DATASET EXCERPT: Begin

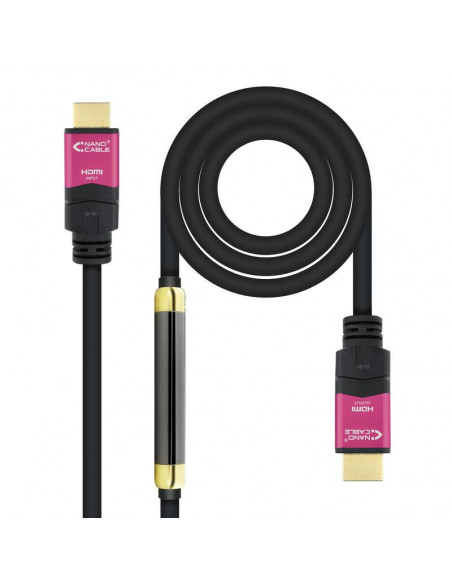 O cabo HDMI Nanocable 10.15.3725 é um cabo de alta velocidade com 25 metros de comprimento, ideal para longas distâncias. Inclui um repetidor para amplificar o sinal.
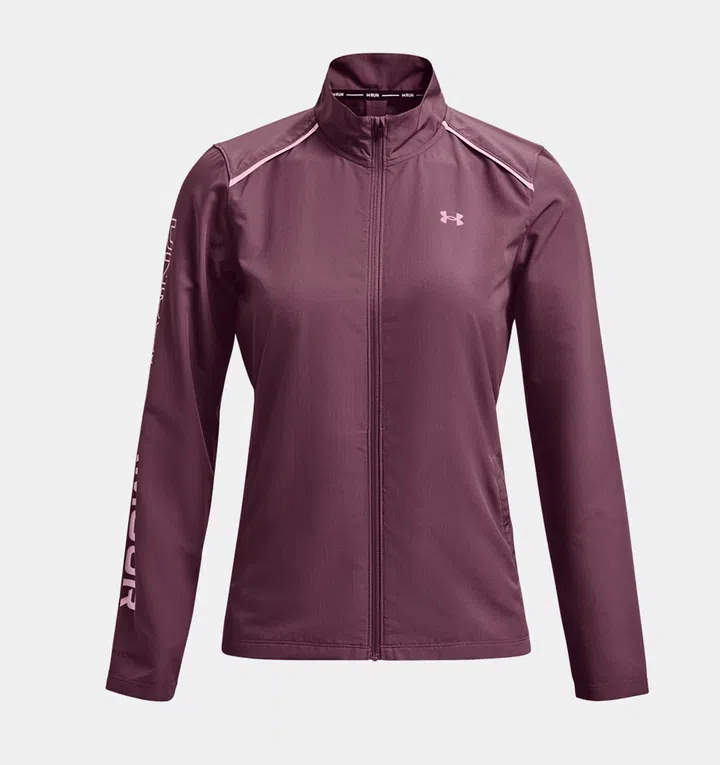 Under Armour employed its UA Storm technology that offers water-repelling, wind-resistant and breathable qualities in key areas, such as a mesh vent construction at the back, so you can be shielded from the elements without feeling overheated. Its reflective details are useful for low-light conditions. Besides purple, this jacket is also available in black.
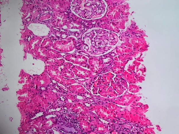 Figure 2. High-power view (H&E stain) highlighting glomeruli with uniform capillary wall thickening and mild mesangial expansion, consistent with membranous features of Class V Lupus Nephritis. No significant endocapillary hypercellularity or necrosis is noted. Activity score: 03, Chronicity score: 02.
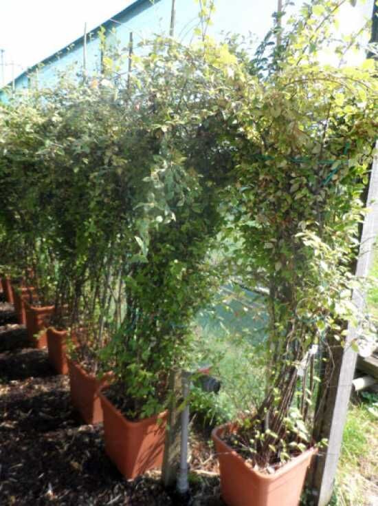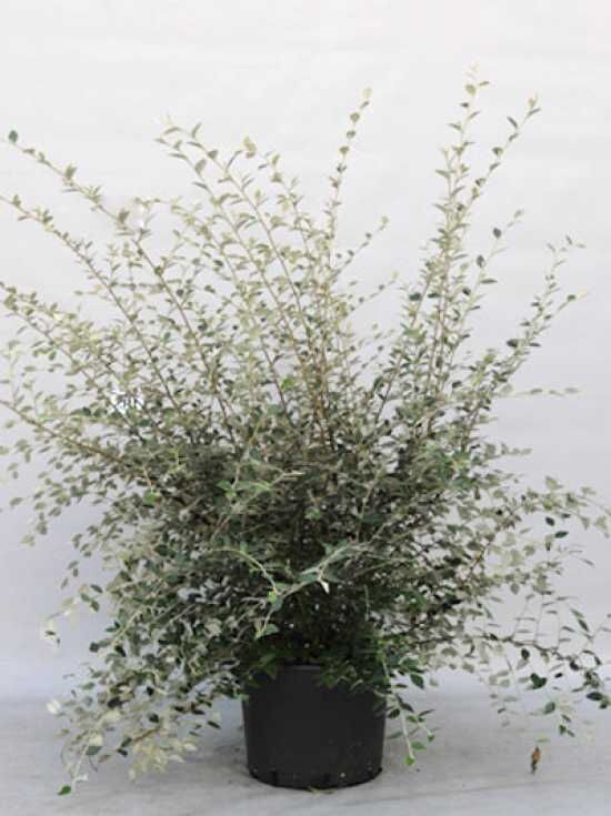 | Wuchs: | Mittelgroßer Strauch, trichterförmig, später überhängende Seitenäste, bis zu 2 m hoch und ebenso breit. |

DATASET EXCERPT: End

** TASK TO COMPLETE **
Omit every picture while copying the listing above exactly.

** PROBLEM SOLUTION **
 O cabo HDMI Nanocable 10.15.3725 é um cabo de alta velocidade com 25 metros de comprimento, ideal para longas distâncias. Inclui um repetidor para amplificar o sinal.
 Under Armour employed its UA Storm technology that offers water-repelling, wind-resistant and breathable qualities in key areas, such as a mesh vent construction at the back, so you can be shielded from the elements without feeling overheated. Its reflective details are useful for low-light conditions. Besides purple, this jacket is also available in black.
 Figure 2. High-power view (H&E stain) highlighting glomeruli with uniform capillary wall thickening and mild mesangial expansion, consistent with membranous features of Class V Lupus Nephritis. No significant endocapillary hypercellularity or necrosis is noted. Activity score: 03, Chronicity score: 02.
 | Wuchs: | Mittelgroßer Strauch, trichterförmig, später überhängende Seitenäste, bis zu 2 m hoch und ebenso breit. |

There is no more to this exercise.